Now, would the exchange have been an excellent opportunity for Harris to specifically call out and denounce the violence that had stemmed from at least two marches by that point in time? Yes! Instead, she waited until a few weeks later. Colbert should have also acknowledged the violence, and asked her about it, but he unsurprisingly didn't.
The omission was negligent, cowardly, and worthy of criticism (and I have a long list of other gripes about Harris)… but did it amount to an incitement of violence? Of course not.
When people are inclined to defend indefensible behavior from their tribe, by identifying it in the other tribe, context and proportionality often gets tossed by the wayside in an effort to make the puzzle pieces fit.
There simply isn’t a good-faith equivalence between Harris’s impromptu answer and two months of a President of the United States stoking flames through conspiracy-fueled efforts to sell millions of passionately loyal Americans on the perverse lie that our nation’s democracy had been hijacked, that he had actually won the election, and that January 6th at the U.S. Capitol would be the day of reckoning.

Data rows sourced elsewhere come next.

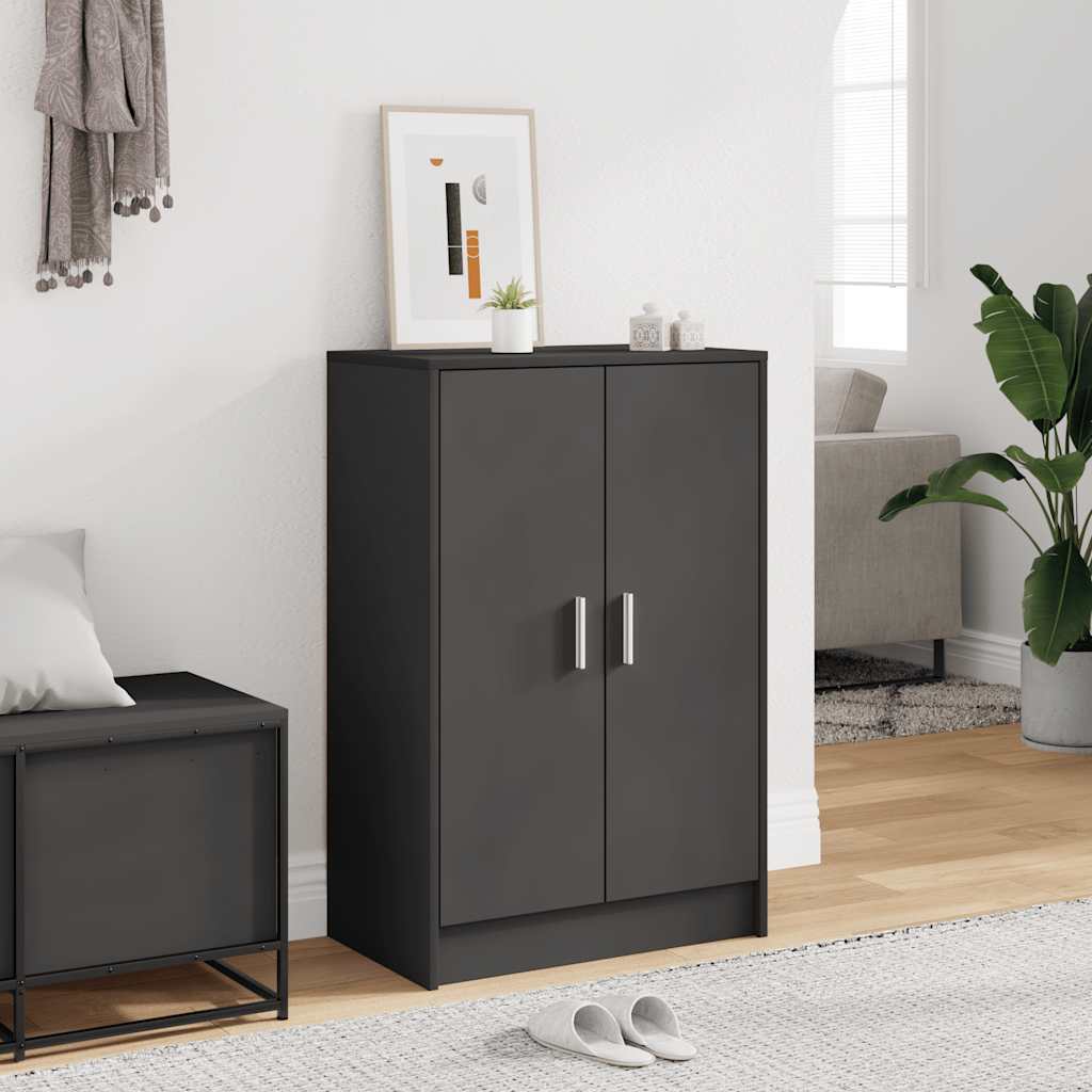 Det är tillverkat av högkvalitativ spånskiva som är elegant och gör det stabilt och hållbart. Tack vare dörrarna kan skorna förvaras inuti så att de inte syns. Dessutom är skåpet tillräckligt stort för att förvara många skor.
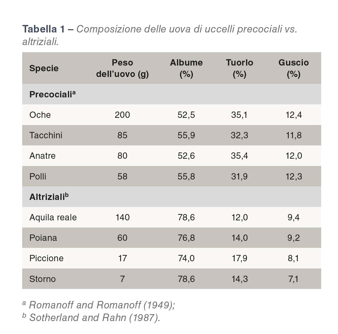 Come descritto più di un secolo fa e analizzato più dettagliatamente in tempi recenti, le uova sono costituite da tre parti principali: guscio, tuorlo e albume. I consumatori possono preferire un colore più o meno pronunciato del tuorlo e apprezzare il gusto di un uovo alla coque o l’aspetto delle uova fritte con il tuorlo ben in evidenza. Il tuorlo ha più sapore dell’albume, mentre il guscio ha funzioni importanti, ma nessun valore nutritivo. La selezione naturale in diverse specie ha favorito uova con dimensioni ottimali per la schiusa e come pacchetto di sopravvivenza per l’embrione in via di sviluppo. Sono state riportate sorprendenti somiglianze (e differenze) tra le specie per la percentuale di tuorlo in un’ampia gamma di pesi delle uova e tipo di volatili (Tabella 1). Le stime per le specie antiche sono interessanti nel contesto attuale, perché si riferiscono a volatili prima dell’inizio della selezione moderna, quando le razze a duplice attitudine producevano in media meno di 150 uova all’anno. Le uova degli uccelli acquatici hanno più tuorlo rispetto a polli e tacchini, mentre i piccioni e altre specie precociali hanno una percentuale di tuorlo molto inferiore. In Nuova Zelanda il volatile Kiwi depone un solo uovo estremamente grande (rispetto alle dimensioni del corpo) all’anno, con una percentuale di circa 2/3 di tuorlo e 1/3 di albume.
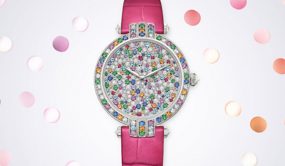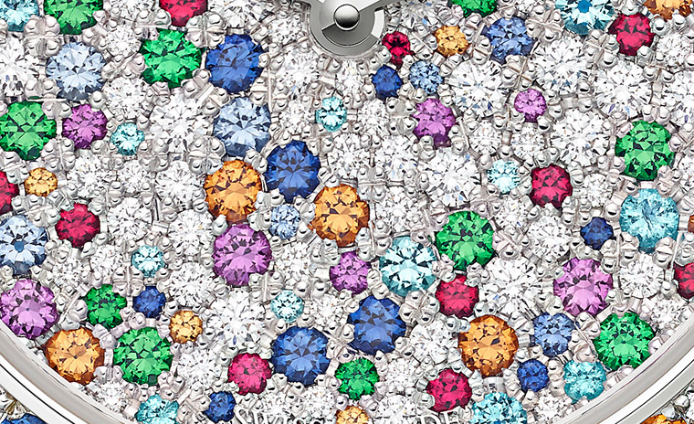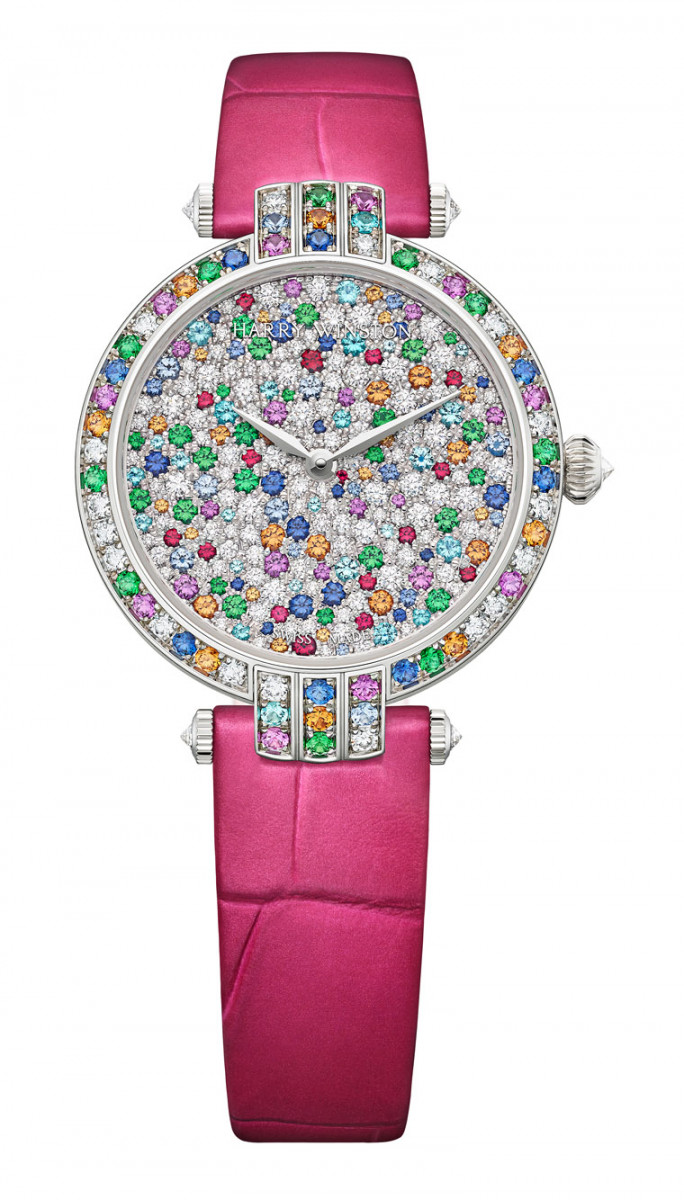 ▲海瑞温斯顿运用精湛的雪花镶嵌工艺替表款镶上各色宝石,此工艺的难度在于将宝石紧密排列,隐藏金属部分,彰显每一颗宝石的璀璨光芒。

Yet, the narrative is out there front and center because whataboutism is an effective deflection tool in escaping accountability. It also helps convince those who use it that their reflexive partisan sentiments are justified.
A couple of commentators I've respected over the years used to talk about the virtues of the political "mirror test," a self-imposed exercise in which one asks themself if he or she would feel differently about a situation, based on which political party or figure was at the center of it. It's basically a tool for instilling single-standard, self-reflective analysis.
Unfortunately, at this point in American history, there are millions of broken mirrors, especially when it comes to politics... and I don't expect clear reflections to return anytime soon.